Items from a data source
....................
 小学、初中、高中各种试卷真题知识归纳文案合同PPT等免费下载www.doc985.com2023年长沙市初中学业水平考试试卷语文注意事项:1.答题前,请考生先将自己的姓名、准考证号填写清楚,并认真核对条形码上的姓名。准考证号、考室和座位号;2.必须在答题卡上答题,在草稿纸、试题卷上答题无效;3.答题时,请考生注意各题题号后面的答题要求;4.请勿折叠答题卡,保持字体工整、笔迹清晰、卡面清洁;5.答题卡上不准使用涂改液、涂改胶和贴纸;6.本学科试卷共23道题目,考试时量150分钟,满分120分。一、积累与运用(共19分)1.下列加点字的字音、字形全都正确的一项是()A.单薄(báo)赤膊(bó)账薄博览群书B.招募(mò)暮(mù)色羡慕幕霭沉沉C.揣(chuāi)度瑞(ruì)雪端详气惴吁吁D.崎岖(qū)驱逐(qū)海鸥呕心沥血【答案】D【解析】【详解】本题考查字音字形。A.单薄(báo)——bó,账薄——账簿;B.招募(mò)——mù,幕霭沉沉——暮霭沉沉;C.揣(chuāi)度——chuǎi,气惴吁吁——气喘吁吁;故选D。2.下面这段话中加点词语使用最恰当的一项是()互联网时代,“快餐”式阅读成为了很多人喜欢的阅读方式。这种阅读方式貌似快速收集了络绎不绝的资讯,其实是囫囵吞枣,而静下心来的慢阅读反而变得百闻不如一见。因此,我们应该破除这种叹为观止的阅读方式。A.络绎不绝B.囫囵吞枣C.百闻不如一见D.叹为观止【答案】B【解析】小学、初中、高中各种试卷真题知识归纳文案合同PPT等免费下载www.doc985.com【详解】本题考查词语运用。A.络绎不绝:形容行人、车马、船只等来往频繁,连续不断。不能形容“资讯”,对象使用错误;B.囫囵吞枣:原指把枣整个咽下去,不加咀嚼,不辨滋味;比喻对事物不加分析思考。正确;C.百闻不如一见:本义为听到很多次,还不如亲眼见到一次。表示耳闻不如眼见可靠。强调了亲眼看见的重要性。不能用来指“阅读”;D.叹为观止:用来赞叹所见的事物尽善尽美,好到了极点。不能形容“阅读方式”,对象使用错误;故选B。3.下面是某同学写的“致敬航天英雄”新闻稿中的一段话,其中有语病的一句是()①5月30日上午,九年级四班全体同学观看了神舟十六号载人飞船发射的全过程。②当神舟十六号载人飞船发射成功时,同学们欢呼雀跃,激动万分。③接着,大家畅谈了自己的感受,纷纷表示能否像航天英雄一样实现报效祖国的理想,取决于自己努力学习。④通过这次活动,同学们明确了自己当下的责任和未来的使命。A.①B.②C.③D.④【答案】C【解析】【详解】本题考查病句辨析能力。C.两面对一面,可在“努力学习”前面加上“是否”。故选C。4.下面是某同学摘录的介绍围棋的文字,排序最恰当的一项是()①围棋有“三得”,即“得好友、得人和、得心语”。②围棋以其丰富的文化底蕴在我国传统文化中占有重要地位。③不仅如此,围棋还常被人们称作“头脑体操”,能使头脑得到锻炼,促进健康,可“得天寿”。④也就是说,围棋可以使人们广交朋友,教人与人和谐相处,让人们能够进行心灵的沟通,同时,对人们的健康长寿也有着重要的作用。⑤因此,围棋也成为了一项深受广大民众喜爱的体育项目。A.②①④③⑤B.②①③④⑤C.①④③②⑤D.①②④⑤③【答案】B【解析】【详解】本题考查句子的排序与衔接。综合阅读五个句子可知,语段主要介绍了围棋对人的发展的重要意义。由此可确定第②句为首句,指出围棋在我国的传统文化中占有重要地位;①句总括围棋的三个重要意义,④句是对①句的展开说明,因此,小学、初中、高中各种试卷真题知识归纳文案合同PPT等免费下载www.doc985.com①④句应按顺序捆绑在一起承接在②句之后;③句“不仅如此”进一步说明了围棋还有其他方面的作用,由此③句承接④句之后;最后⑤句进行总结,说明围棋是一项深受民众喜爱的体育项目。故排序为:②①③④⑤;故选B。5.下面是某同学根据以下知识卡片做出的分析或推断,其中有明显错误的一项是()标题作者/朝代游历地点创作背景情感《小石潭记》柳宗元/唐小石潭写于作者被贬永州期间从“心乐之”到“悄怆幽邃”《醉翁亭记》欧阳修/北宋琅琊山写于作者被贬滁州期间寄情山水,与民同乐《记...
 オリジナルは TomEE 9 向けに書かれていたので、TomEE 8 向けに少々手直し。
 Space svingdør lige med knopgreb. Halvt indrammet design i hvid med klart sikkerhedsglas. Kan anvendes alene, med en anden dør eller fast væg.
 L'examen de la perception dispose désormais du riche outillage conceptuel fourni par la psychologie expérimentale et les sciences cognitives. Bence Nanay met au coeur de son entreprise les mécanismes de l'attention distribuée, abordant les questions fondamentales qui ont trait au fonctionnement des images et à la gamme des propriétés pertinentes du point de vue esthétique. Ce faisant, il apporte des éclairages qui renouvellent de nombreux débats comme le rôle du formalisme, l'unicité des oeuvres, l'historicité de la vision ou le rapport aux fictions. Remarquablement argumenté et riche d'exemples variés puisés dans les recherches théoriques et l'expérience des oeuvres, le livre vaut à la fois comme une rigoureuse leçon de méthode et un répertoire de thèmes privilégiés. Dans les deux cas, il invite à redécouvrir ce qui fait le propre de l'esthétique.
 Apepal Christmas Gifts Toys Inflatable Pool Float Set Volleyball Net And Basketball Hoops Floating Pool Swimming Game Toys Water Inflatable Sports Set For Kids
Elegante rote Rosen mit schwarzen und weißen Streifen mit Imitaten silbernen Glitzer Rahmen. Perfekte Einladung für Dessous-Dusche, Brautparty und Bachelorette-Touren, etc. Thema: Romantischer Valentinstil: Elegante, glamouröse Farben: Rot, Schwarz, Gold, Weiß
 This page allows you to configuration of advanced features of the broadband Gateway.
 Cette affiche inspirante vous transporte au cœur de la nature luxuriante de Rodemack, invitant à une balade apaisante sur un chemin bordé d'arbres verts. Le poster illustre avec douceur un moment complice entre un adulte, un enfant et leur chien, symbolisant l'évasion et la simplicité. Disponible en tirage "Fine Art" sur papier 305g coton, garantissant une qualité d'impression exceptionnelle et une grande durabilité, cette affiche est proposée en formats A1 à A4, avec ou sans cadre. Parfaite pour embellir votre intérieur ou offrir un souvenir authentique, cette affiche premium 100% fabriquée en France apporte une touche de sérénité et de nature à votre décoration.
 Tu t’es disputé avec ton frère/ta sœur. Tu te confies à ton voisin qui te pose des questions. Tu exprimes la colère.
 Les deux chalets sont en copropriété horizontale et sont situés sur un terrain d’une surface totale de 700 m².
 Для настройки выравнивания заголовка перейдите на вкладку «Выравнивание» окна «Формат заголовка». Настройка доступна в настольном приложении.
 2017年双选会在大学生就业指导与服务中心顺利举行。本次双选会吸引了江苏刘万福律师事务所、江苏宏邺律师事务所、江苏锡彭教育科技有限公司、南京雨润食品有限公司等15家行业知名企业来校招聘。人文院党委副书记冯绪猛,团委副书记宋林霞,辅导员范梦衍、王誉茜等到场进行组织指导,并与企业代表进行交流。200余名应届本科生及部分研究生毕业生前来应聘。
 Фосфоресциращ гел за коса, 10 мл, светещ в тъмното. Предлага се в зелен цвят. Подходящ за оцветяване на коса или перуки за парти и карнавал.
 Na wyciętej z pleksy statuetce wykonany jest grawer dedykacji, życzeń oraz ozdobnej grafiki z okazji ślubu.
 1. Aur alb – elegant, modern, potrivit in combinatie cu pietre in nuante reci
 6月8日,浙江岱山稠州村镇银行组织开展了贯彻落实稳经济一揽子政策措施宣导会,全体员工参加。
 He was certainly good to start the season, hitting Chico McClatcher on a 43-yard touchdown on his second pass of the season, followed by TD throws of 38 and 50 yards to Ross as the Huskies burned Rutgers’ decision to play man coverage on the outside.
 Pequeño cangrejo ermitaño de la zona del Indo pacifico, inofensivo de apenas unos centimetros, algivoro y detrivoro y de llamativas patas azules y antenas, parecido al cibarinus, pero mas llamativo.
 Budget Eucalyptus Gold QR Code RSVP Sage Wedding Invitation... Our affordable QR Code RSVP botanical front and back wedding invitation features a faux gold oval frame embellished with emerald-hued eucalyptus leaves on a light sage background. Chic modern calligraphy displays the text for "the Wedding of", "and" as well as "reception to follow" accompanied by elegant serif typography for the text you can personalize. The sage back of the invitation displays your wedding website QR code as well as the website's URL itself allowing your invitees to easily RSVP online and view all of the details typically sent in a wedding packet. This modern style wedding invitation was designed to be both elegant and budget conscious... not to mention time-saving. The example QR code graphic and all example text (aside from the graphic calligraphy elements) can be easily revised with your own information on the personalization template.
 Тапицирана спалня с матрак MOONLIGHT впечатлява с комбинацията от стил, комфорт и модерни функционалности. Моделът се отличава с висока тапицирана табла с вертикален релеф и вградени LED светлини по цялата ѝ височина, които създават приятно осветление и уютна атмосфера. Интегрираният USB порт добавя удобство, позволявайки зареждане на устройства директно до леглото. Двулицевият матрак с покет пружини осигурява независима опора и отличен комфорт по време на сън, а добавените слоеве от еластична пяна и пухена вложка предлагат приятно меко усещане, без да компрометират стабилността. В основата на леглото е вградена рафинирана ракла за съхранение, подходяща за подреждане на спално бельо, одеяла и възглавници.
....................
Required action:
In the data above, retype exactly and only the lines between the one holding "オリジナルは TomEE 9 向けに書かれていたので、TomEE 8 向けに少々手直し。" and the one holding "This page allows", inclusive.

Solution for this exercise:
 オリジナルは TomEE 9 向けに書かれていたので、TomEE 8 向けに少々手直し。
 Space svingdør lige med knopgreb. Halvt indrammet design i hvid med klart sikkerhedsglas. Kan anvendes alene, med en anden dør eller fast væg.
 L'examen de la perception dispose désormais du riche outillage conceptuel fourni par la psychologie expérimentale et les sciences cognitives. Bence Nanay met au coeur de son entreprise les mécanismes de l'attention distribuée, abordant les questions fondamentales qui ont trait au fonctionnement des images et à la gamme des propriétés pertinentes du point de vue esthétique. Ce faisant, il apporte des éclairages qui renouvellent de nombreux débats comme le rôle du formalisme, l'unicité des oeuvres, l'historicité de la vision ou le rapport aux fictions. Remarquablement argumenté et riche d'exemples variés puisés dans les recherches théoriques et l'expérience des oeuvres, le livre vaut à la fois comme une rigoureuse leçon de méthode et un répertoire de thèmes privilégiés. Dans les deux cas, il invite à redécouvrir ce qui fait le propre de l'esthétique.
 Apepal Christmas Gifts Toys Inflatable Pool Float Set Volleyball Net And Basketball Hoops Floating Pool Swimming Game Toys Water Inflatable Sports Set For Kids
Elegante rote Rosen mit schwarzen und weißen Streifen mit Imitaten silbernen Glitzer Rahmen. Perfekte Einladung für Dessous-Dusche, Brautparty und Bachelorette-Touren, etc. Thema: Romantischer Valentinstil: Elegante, glamouröse Farben: Rot, Schwarz, Gold, Weiß
 This page allows you to configuration of advanced features of the broadband Gateway.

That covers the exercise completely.